CUDA register usage

Question

CUDA manual specifies the number of 32-bit registers per multiprocessor. Does it mean that:

1. Double variable takes two registers?

2. Pointer variable takes two registers? - It has to be more than one register on Fermi with 6 GB memory, right?

3. If answer to question 2 is yes, it must be better to use less pointer variables and more int indices.

   E. g., this kernel code:

   float* p1;               // two regs
   float* p2 = p1 + 1000;   // two regs
   int i;                   // one reg
   for ( i = 0; i < n; i++ )
   {
       CODE THAT USES p1[i] and p2[i]
   }
   

   theoretically requires more registers than this kernel code:

   float* p1;               // two regs
   int i;                   // one reg
   int j;                   // one reg
   for ( i = 0, j = 1000; i < n; i++, j++ )
   {
       CODE THAT USES p1[i] and p1[j]
   }
   

Answer 1

The short answer to your three questions are:

1. Yes.
2. Yes, if the code is compiled for a 64 bit host operating system. Device pointer size always matches host application pointer size in CUDA.
3. No.

To expand on point 3, consider the following two simple memory copy kernels:

__global__
void debunk(float *in, float *out, int n)
{
    int i = n * (threadIdx.x + blockIdx.x*blockDim.x);

    for(int j=0; j<n; j++) {
        out[i+j] = in[i+j];
    }
}

__global__
void debunk2(float *in, float *out, int n)
{
    int i = n * (threadIdx.x + blockIdx.x*blockDim.x);
    float *x = in + i;
    float *y = out + i;

    for(int j=0; j<n; j++, x++, y++) {
        *x = *y;
    }
}

By your reckoning, debunk must use less registers because it has only two local integer variables, whereas debunk2 has two additional pointers. And yet, when I compile them using the CUDA 5 release toolchain:

$ nvcc -m64 -arch=sm_20 -c -Xptxas="-v"  pointer_size.cu 
ptxas info    : 0 bytes gmem
ptxas info    : Compiling entry function '_Z6debunkPfS_i' for 'sm_20'
ptxas info    : Function properties for _Z6debunkPfS_i
    0 bytes stack frame, 0 bytes spill stores, 0 bytes spill loads
ptxas info    : Used 8 registers, 52 bytes cmem[0]
ptxas info    : Compiling entry function '_Z7debunk2PfS_i' for 'sm_20'
ptxas info    : Function properties for _Z7debunk2PfS_i
    0 bytes stack frame, 0 bytes spill stores, 0 bytes spill loads
ptxas info    : Used 8 registers, 52 bytes cmem[0]

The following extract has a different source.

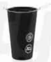
TPU SILICONE CUP CUSTOMIZABLE 100% TPU SILICONE FOLDABLE CUP BPA FREE WITH A CAPACITY OF 180ML

They compile to the exact same register count. And if you disassemble the toolchain output you will see that apart from the setup code, the final instruction streams are almost identical. There are a number of reasons for this, but it basically comes down to two simple rules:

1. Trying to determine the register count from C code (or even PTX assembler) is mostly futile
2. Trying to second guess a very sophisticated compiler and assembler is also mostly futile.